Communication errors?

Last post 06-14-2018, 6:00 PM by Wwong. 5 replies.
Sort Posts: Previous Next
  • Communication errors?
    Posted: 06-11-2018, 1:08 PM

    I'm getting some errors in the event viewer every day while performing aux copies, but so far I've been unable to figure out the problem.  I've tried to open several tickets on this as well, and so far have not been successful in pinpointing the cause.  This is our environment.  We have a Commserve host running on a VM in my office.  The media agents are also VM's, each one in a different geographic location.  The aux copies we run consist of copying the backed up data from that site to either another site, or to our OracleCloud container.  One site seems to be giving us the lions share of the errors.  The errors read as follows:

    "Unable to communicate with CommServe on host [cvmaster]. Please check the network connectivity between the Client and CommServe, and verify this product's Communication Service is running on the CommServe."

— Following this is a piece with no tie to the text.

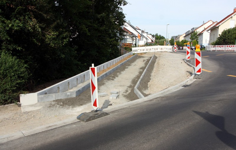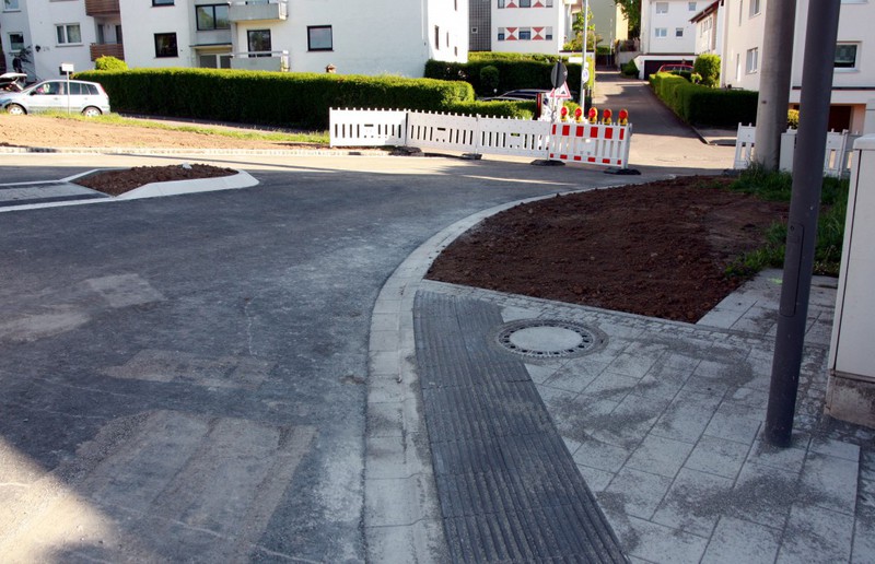 An der Zufahrt zur Hermann-Essig-Straße sind die Randsteine gesetzt worden. Damit schließt sich eine letzte Lücke bei den Randsteinen. Zudem ist die noch fehlende

      Support most recently told us to make sure that certain paths etc were excluded from scanning by antivirus software.  So just to be sure as a test, we actually uninstalled all antivirus from the commserve, and the media agents, and let the jobs run again.  We continue to get the same errors daily on the same jobs.  We've noticed though that the jobs start running at 6 am, and usually around 7 am or soon after, that's when we start to get the errors.  It is sporadic up until about 12:30 pm, and the errors taper off for the day.  In some cases, the job actually goes into a pending state for a while and later restarts automatically.  In some cases the errors are accompanied by these types of errors:

    "Error occurred while processing chunk [660250] in media [V_42648] for storage policy [SP-SC_Main] copy [SG-Offsite-Primary]:  Backup job [31584]. Unable to send the stop data transfer control message to the tail. ."

      We thought that antivirus might have been responsible for interrupting something on the disk library, but this error actually occured AFTER the antivirus had been removed.  I thought it might be a network issue, but we've tried to pair up errors from the log file with time stamps of errors on the network, and could not find anything that matched up.  Firewalls on the network are open for Commvault to communicate freely.  What else can we look at? 

  • Re: Communication errors?
    Posted: 06-11-2018, 7:06 PM

    Hi tbrown

    In relation to the error that you get from the "Events" reporting "Unable to send the stop data transfer control message to the tail." This usually points to a network drop, which causes the Aux Copy process to "go down". 

    In your specific scenario, since the MediaAgent are situated in different location, the next recommended option would be to put in "Network Route (or previously referred to as "Firewall Configuration") within CommVault. 

    Once the above is done, I would then recommend to do a wireshark capture between the two sites that report the most errors (on the Source MediaAgent and Destination MediaAgent, run one wireshark capture). 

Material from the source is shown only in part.